━━━━━ Excerpted records
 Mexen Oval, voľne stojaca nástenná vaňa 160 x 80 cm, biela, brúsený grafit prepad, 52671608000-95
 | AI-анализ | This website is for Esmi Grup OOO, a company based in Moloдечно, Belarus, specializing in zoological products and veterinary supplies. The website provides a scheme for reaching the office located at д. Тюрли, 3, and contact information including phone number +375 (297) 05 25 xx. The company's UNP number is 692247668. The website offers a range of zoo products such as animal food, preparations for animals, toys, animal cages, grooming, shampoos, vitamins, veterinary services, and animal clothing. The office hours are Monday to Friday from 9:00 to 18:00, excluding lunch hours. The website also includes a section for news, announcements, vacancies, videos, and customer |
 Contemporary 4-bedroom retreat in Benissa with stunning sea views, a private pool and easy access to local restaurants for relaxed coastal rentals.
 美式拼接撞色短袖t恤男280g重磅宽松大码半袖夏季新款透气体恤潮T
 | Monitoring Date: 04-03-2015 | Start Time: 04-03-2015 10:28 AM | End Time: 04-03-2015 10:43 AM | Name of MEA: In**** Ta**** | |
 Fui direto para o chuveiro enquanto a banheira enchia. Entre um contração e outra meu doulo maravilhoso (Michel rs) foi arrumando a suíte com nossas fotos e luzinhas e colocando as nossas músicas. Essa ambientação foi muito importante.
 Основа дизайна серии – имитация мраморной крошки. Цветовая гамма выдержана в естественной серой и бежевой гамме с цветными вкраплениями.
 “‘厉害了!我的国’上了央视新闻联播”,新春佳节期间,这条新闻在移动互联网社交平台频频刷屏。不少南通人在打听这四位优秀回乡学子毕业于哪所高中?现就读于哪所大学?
━━━━━━━━━━
━━━━━ Excerpted records
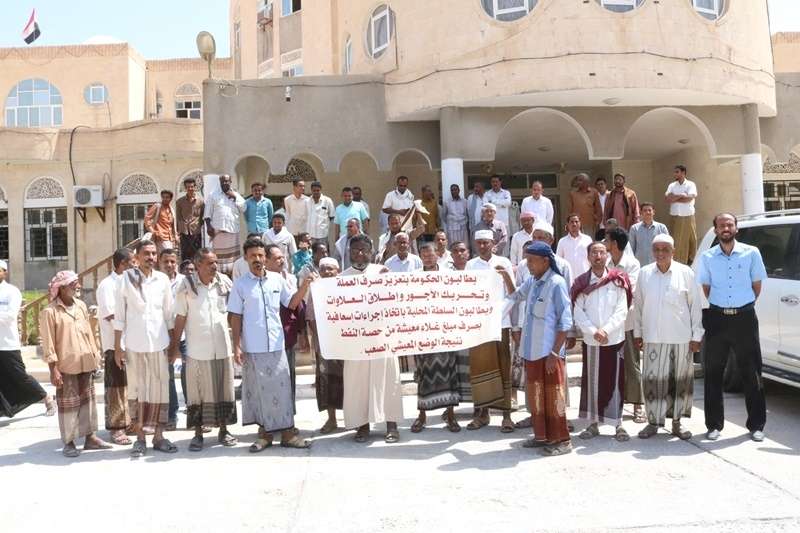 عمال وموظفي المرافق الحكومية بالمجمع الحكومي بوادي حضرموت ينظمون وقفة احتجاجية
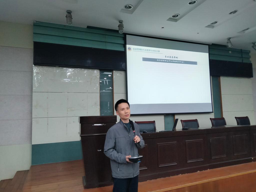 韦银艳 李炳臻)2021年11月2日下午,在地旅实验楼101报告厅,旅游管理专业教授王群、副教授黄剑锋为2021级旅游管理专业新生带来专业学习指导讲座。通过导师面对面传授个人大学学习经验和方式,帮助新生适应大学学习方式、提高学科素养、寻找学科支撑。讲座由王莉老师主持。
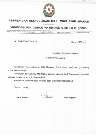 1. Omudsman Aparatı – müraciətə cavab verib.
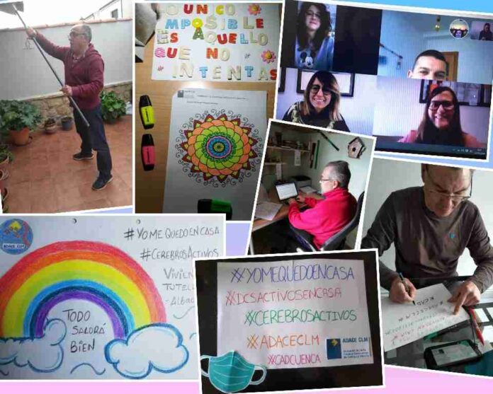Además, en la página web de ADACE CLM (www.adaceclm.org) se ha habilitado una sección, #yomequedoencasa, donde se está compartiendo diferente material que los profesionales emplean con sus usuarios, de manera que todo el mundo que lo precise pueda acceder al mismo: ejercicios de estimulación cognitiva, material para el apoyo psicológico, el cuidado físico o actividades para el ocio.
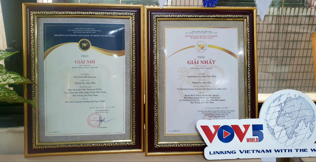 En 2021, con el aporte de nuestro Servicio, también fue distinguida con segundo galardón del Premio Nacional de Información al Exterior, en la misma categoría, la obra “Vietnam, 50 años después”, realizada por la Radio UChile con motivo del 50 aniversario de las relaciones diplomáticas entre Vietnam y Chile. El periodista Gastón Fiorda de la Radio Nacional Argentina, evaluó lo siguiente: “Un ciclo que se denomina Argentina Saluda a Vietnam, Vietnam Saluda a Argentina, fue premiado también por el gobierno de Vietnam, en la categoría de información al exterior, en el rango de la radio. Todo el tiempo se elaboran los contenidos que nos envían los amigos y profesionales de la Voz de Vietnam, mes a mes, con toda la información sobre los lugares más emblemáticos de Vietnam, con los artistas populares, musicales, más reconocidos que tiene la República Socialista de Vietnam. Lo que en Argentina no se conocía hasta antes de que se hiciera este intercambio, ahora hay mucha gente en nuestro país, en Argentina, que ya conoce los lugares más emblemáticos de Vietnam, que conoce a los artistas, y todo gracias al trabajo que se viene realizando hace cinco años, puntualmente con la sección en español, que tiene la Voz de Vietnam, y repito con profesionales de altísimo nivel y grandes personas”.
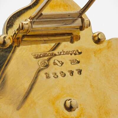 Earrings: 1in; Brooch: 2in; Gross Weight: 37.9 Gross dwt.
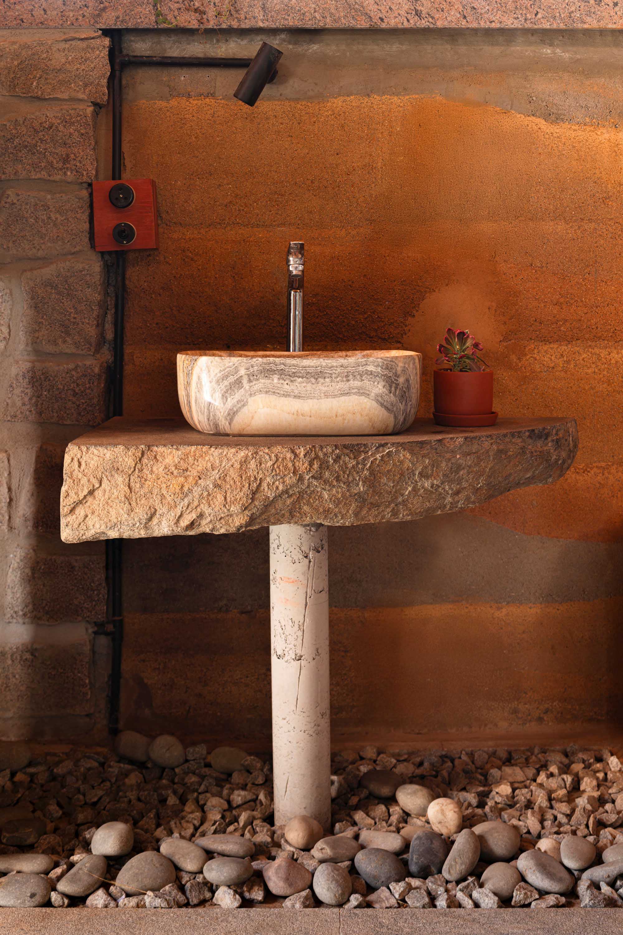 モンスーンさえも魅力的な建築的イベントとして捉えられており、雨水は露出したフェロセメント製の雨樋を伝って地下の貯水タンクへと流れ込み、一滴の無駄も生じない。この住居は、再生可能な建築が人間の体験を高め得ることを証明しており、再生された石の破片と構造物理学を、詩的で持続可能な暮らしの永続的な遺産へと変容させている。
━━━━━━━━━━
**Task details:** Using the records above, restate word for word the lines from the one with "Mexen Oval, voľne" through the one with "MEA: In**** Ta**** | |", both included.

**Answer to this problem:**
 Mexen Oval, voľne stojaca nástenná vaňa 160 x 80 cm, biela, brúsený grafit prepad, 52671608000-95
 | AI-анализ | This website is for Esmi Grup OOO, a company based in Moloдечно, Belarus, specializing in zoological products and veterinary supplies. The website provides a scheme for reaching the office located at д. Тюрли, 3, and contact information including phone number +375 (297) 05 25 xx. The company's UNP number is 692247668. The website offers a range of zoo products such as animal food, preparations for animals, toys, animal cages, grooming, shampoos, vitamins, veterinary services, and animal clothing. The office hours are Monday to Friday from 9:00 to 18:00, excluding lunch hours. The website also includes a section for news, announcements, vacancies, videos, and customer |
 Contemporary 4-bedroom retreat in Benissa with stunning sea views, a private pool and easy access to local restaurants for relaxed coastal rentals.
 美式拼接撞色短袖t恤男280g重磅宽松大码半袖夏季新款透气体恤潮T
 | Monitoring Date: 04-03-2015 | Start Time: 04-03-2015 10:28 AM | End Time: 04-03-2015 10:43 AM | Name of MEA: In**** Ta**** | |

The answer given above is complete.